** Opening Information supplied block **
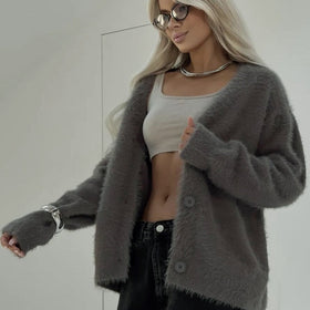 Damen Kuscheliger Strickjacke mit modernen Knopfdetails und lässigem Schnitt Amawinc
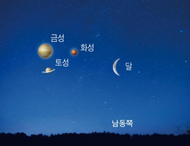 3월 28일엔 금성, 화성, 토성이 달의 좌측에 모이는 모습도 볼 수 있다. 이날 새벽 동틀 무렵 4개 행성(금성·토성·화성·달)이 비교적 서로 가깝게 근접한다. 옛날엔 이런 현상도 점성술적으로 해석했을텐데 싶다.
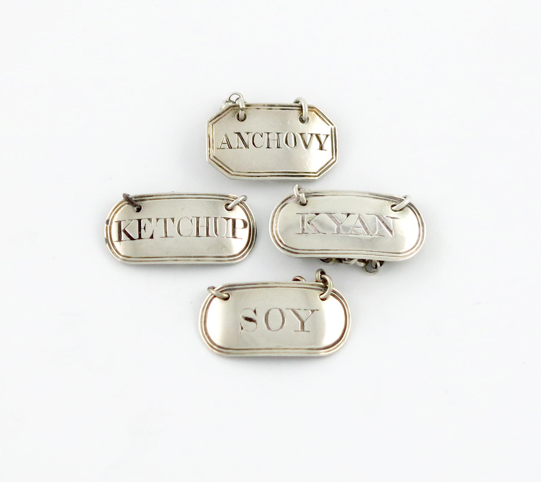 comprising: one incised 'KYAN', one 'KETCHUP', one 'ANCHOVY' and one 'SOY', approx. weight 0.5oz. (4)
** Closing Information supplied block **
Nothing but the lines from the one containing "3월 28일엔 금성, 화성, 토성이" through the end of the listing is to be output, and those lines are to be output exactly, pictures excluded.

 3월 28일엔 금성, 화성, 토성이 달의 좌측에 모이는 모습도 볼 수 있다. 이날 새벽 동틀 무렵 4개 행성(금성·토성·화성·달)이 비교적 서로 가깝게 근접한다. 옛날엔 이런 현상도 점성술적으로 해석했을텐데 싶다.
 comprising: one incised 'KYAN', one 'KETCHUP', one 'ANCHOVY' and one 'SOY', approx. weight 0.5oz. (4)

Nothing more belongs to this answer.